_Exercise_
Pictures stay out of the copy; set down each line of the listing below exactly.

_Data in this exercise_
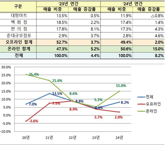 2024년 유통업계 매출 8.2% 증가…온라인 매출 15% 급성장
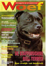 De Staffie is in Engeland de populairste terrier en dat zegt heel veel over zijn prachtige karakter, hij is de familiehond bij uitstek in arbeidersgezinnen. Ook in Nederland en Zuid-Afrika is hij populair, maar in België is hij nauwelijks bekend. Net als de Zwitserse honden heeft de Staffie zijn eigen brede halsbanden en lijnen met daarop koperen symbolische figuren: de Staffordknoop, de roos van Lancaster of York enz. Alles handwerk natuurlijk. Ik zei het al, rond de Staffie is een hele cultus gegroeid. Elke familie, particulier zowel als fokker, heeft de Staffie in huis, niet in de kennel. Wie een Staffie in zijn leven binnenhaalt, laadt een grote verantwoordelijkheid op zich, hij moet het feit aanvaarden dat deze hond graag met soortgenoten vecht en zodra een gevecht is begonnen, is het heel moeilijk te stoppen. Gevechten moeten dus worden voorkomen. De pup moet om te beginnen correct opgevoed en vooral gesocialisserd worden met tolerant reagerende volwassen honden. Dat vraagt tijd, aandacht en inzicht. Wie dat niet kan opbrengen, kiest beter een makkelijker ras. Net als elke terrierpup durft ook de Staffie te grommen, hij is eigenzinnig en hyperactief, het is dus kwestie deze zaken niet door de vingers te zien en jezelf als leider op te stellen. Zo jong mogelijk moet hij met vreemden en vooral allerlei honden in contact gebracht worden. Volwassen honden die normaal reageren op een pup en een goed geleide puppyklas zijn hiervoor ideaal. Slechte ervaringen honden die aanvallen enzo, moeten absoluut worden vermeden. De Staffie die nooit een reden of excuus gekregen heeft om een robbertje te vechten, is ideaal. Eenmaal de smaak te pakken…
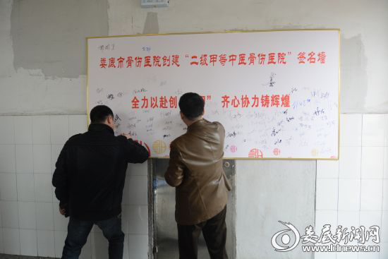 (凝心聚力/全员参与/团结拼搏/创建“二级甲等中医骨伤医院”签名墙)
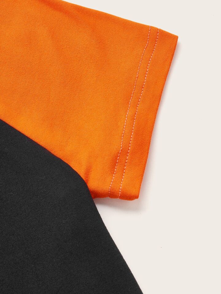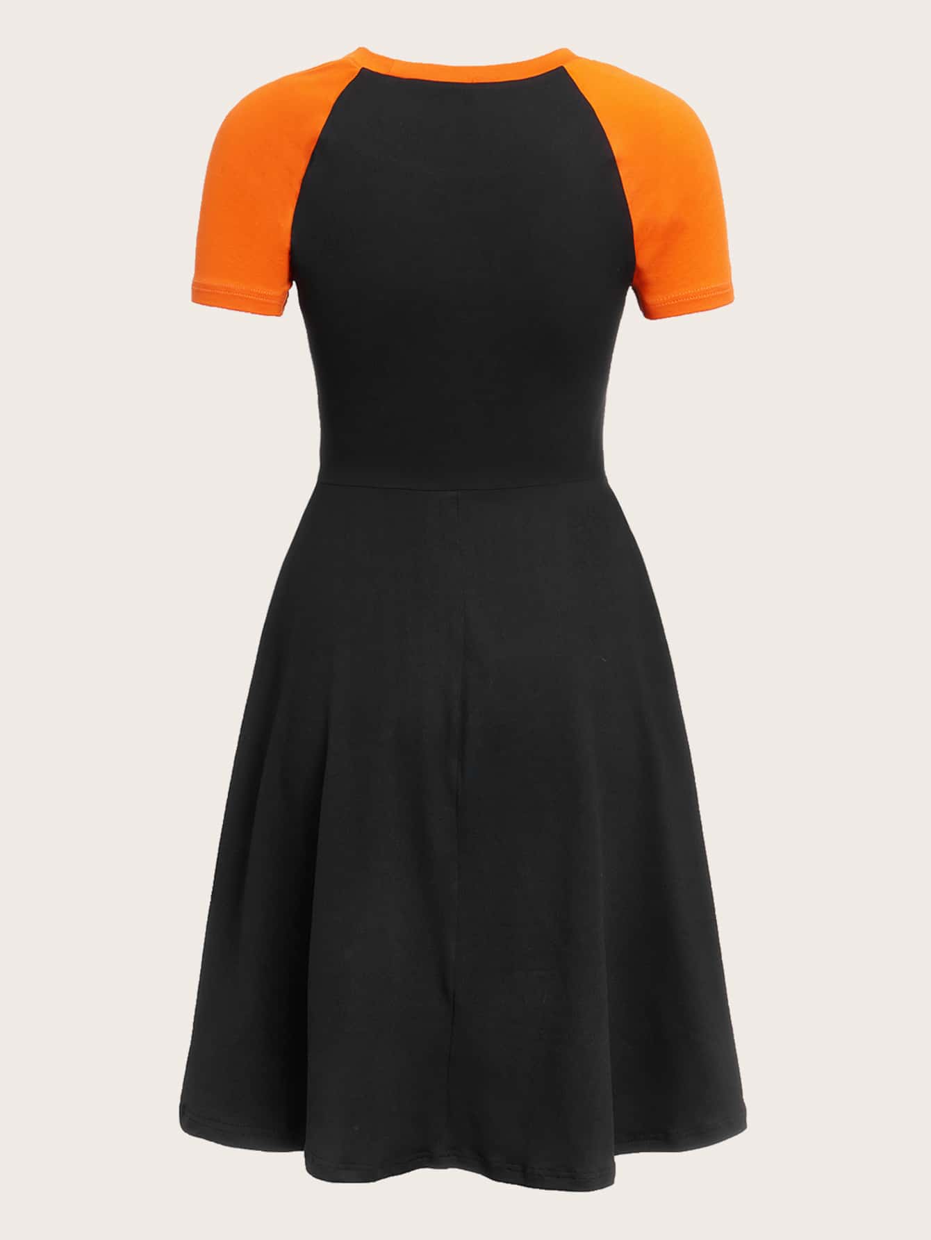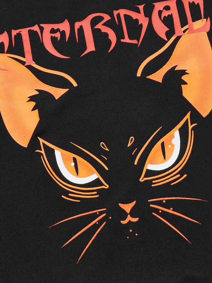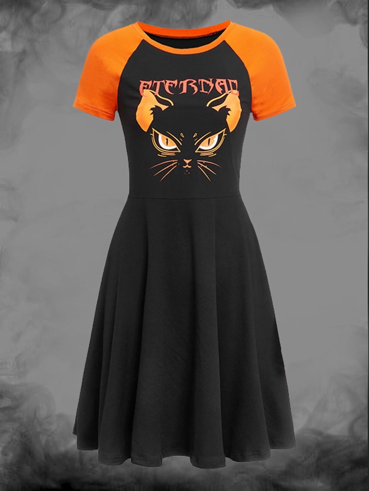 Robe à motif lettre chat à blocs de couleurs manches raglan
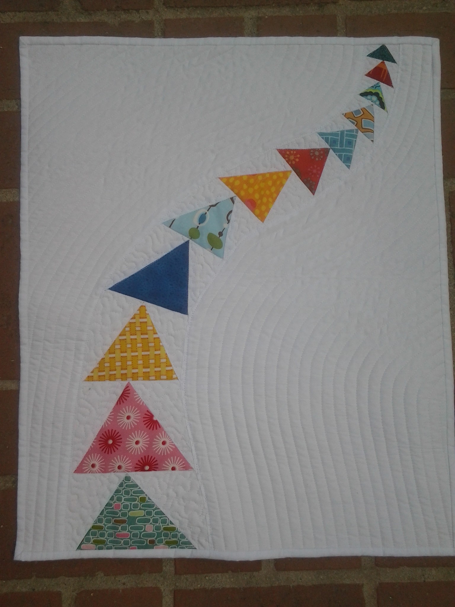 I finished the second class sample this last Sunday. I even remembered to take it to Ventura Modern Quilt Guild on Monday for show n tell. Seeing it float around in the back of my Mini Cooper all week reminded me that I still needed to take a picture of it and get it up on the blog. The curved geese are fun to do and I think it’s going to be a great class.
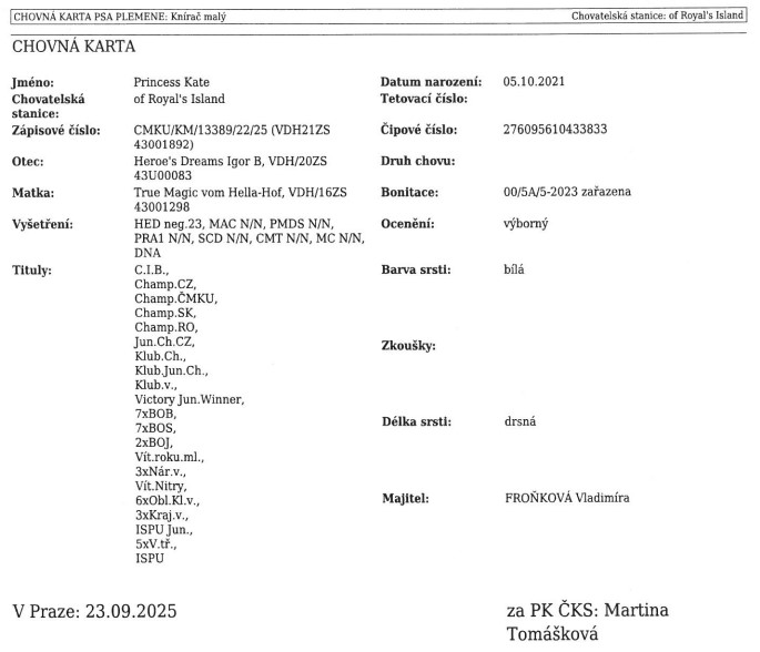 zařazena do chovu, bonitační kód 00/5A/5/23, výška 34 cm

_Answer area_
 2024년 유통업계 매출 8.2% 증가…온라인 매출 15% 급성장
 De Staffie is in Engeland de populairste terrier en dat zegt heel veel over zijn prachtige karakter, hij is de familiehond bij uitstek in arbeidersgezinnen. Ook in Nederland en Zuid-Afrika is hij populair, maar in België is hij nauwelijks bekend. Net als de Zwitserse honden heeft de Staffie zijn eigen brede halsbanden en lijnen met daarop koperen symbolische figuren: de Staffordknoop, de roos van Lancaster of York enz. Alles handwerk natuurlijk. Ik zei het al, rond de Staffie is een hele cultus gegroeid. Elke familie, particulier zowel als fokker, heeft de Staffie in huis, niet in de kennel. Wie een Staffie in zijn leven binnenhaalt, laadt een grote verantwoordelijkheid op zich, hij moet het feit aanvaarden dat deze hond graag met soortgenoten vecht en zodra een gevecht is begonnen, is het heel moeilijk te stoppen. Gevechten moeten dus worden voorkomen. De pup moet om te beginnen correct opgevoed en vooral gesocialisserd worden met tolerant reagerende volwassen honden. Dat vraagt tijd, aandacht en inzicht. Wie dat niet kan opbrengen, kiest beter een makkelijker ras. Net als elke terrierpup durft ook de Staffie te grommen, hij is eigenzinnig en hyperactief, het is dus kwestie deze zaken niet door de vingers te zien en jezelf als leider op te stellen. Zo jong mogelijk moet hij met vreemden en vooral allerlei honden in contact gebracht worden. Volwassen honden die normaal reageren op een pup en een goed geleide puppyklas zijn hiervoor ideaal. Slechte ervaringen honden die aanvallen enzo, moeten absoluut worden vermeden. De Staffie die nooit een reden of excuus gekregen heeft om een robbertje te vechten, is ideaal. Eenmaal de smaak te pakken…
 (凝心聚力/全员参与/团结拼搏/创建“二级甲等中医骨伤医院”签名墙)
 Robe à motif lettre chat à blocs de couleurs manches raglan
 I finished the second class sample this last Sunday. I even remembered to take it to Ventura Modern Quilt Guild on Monday for show n tell. Seeing it float around in the back of my Mini Cooper all week reminded me that I still needed to take a picture of it and get it up on the blog. The curved geese are fun to do and I think it’s going to be a great class.
 zařazena do chovu, bonitační kód 00/5A/5/23, výška 34 cm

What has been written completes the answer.